● **Problem to work on**:
The output should be every line below, retyped exactly, with no images.

● **Data section**:

+ + + +

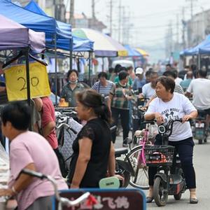 8月25日,在天津市靜海區&頭鎮,前來趕集的村民在大集上購買商品。
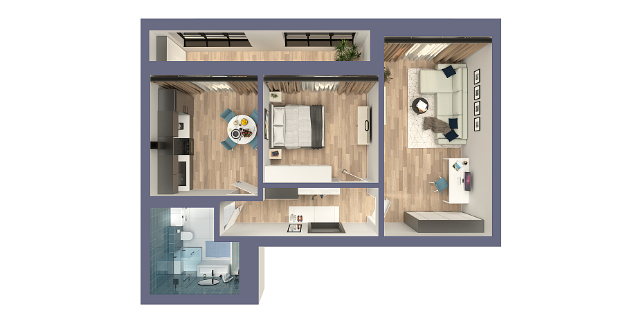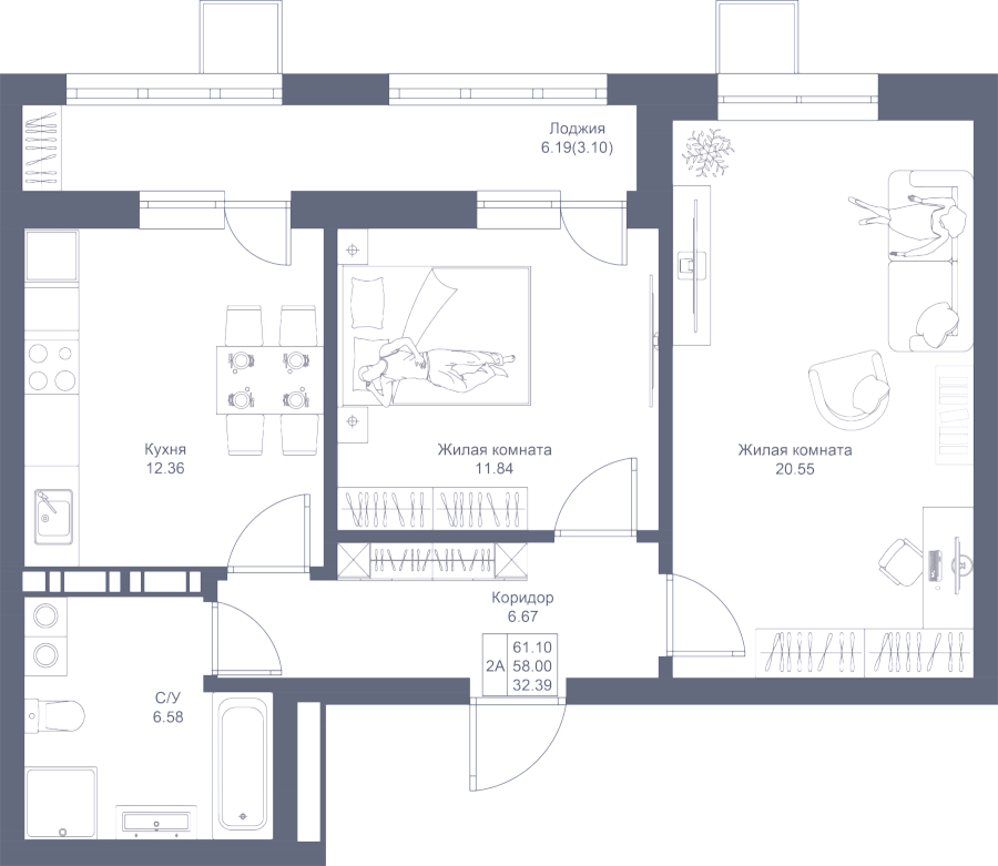 Визуализация и планировка, в том числе в части площади и размера стен жилого помещения, являются проектными и могут быть изменены в ходе строительства объекта. Цена квартиры зависит от выбранной программы и акции, актуальные цены можно уточнить у менеджеров и на момент заключения договора.
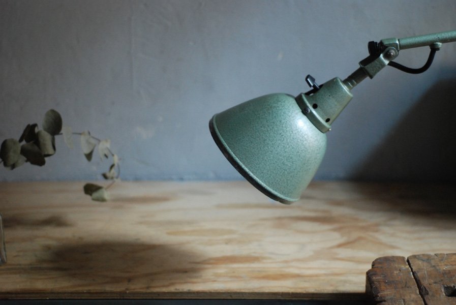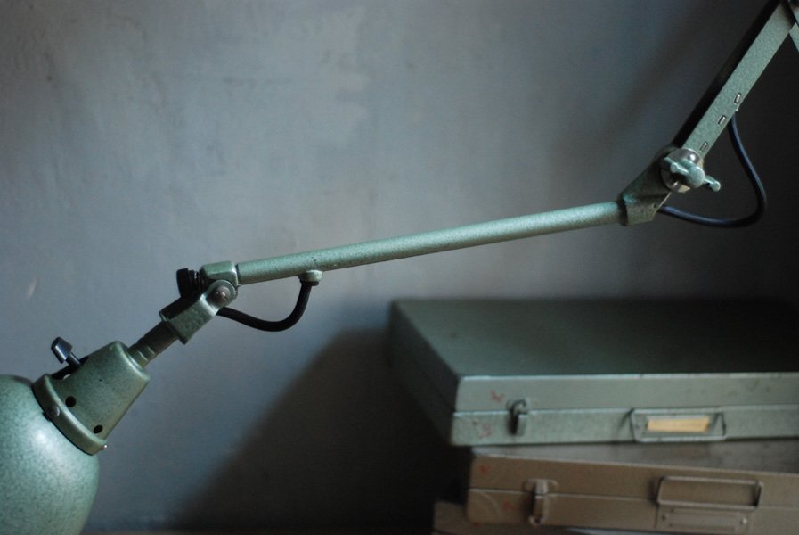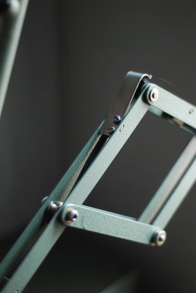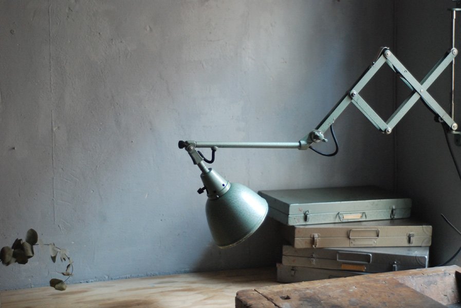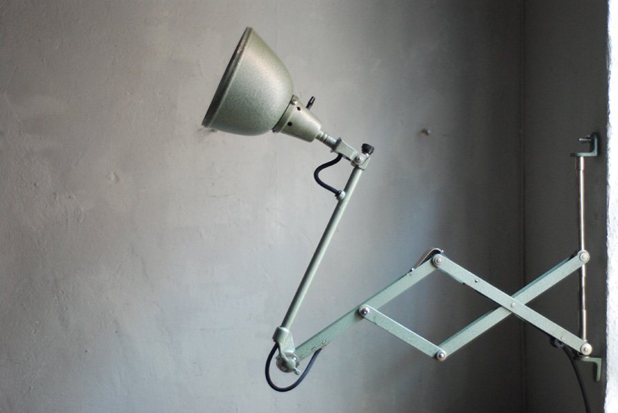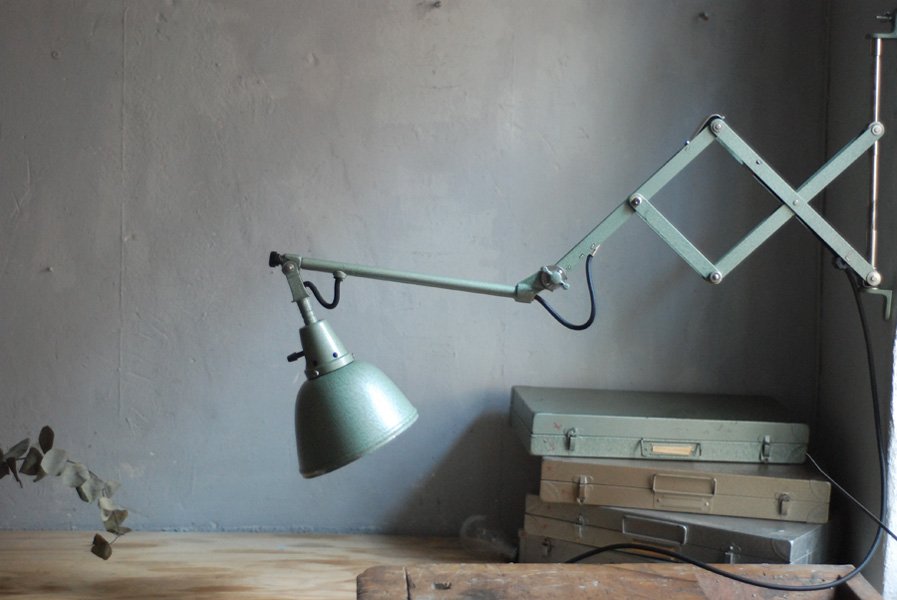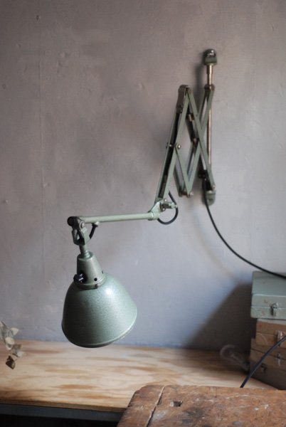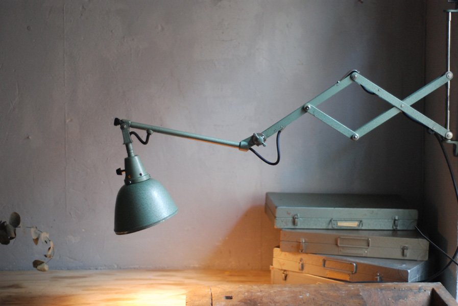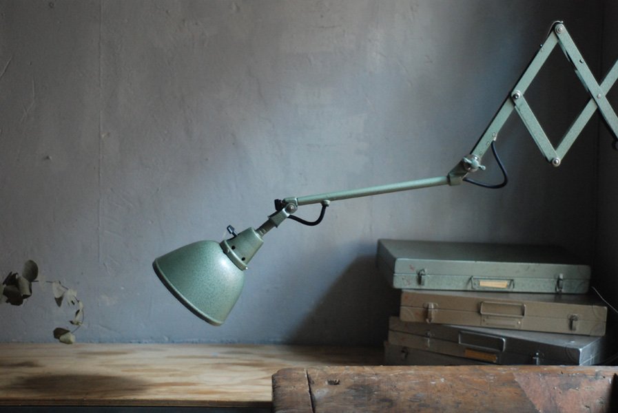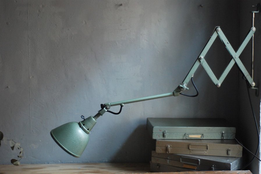 Midgard 110 vintage scissor lamp with original green blue paint

+ + + +

● **Task answer**:
 8月25日,在天津市靜海區&頭鎮,前來趕集的村民在大集上購買商品。
 Визуализация и планировка, в том числе в части площади и размера стен жилого помещения, являются проектными и могут быть изменены в ходе строительства объекта. Цена квартиры зависит от выбранной программы и акции, актуальные цены можно уточнить у менеджеров и на момент заключения договора.
 Midgard 110 vintage scissor lamp with original green blue paint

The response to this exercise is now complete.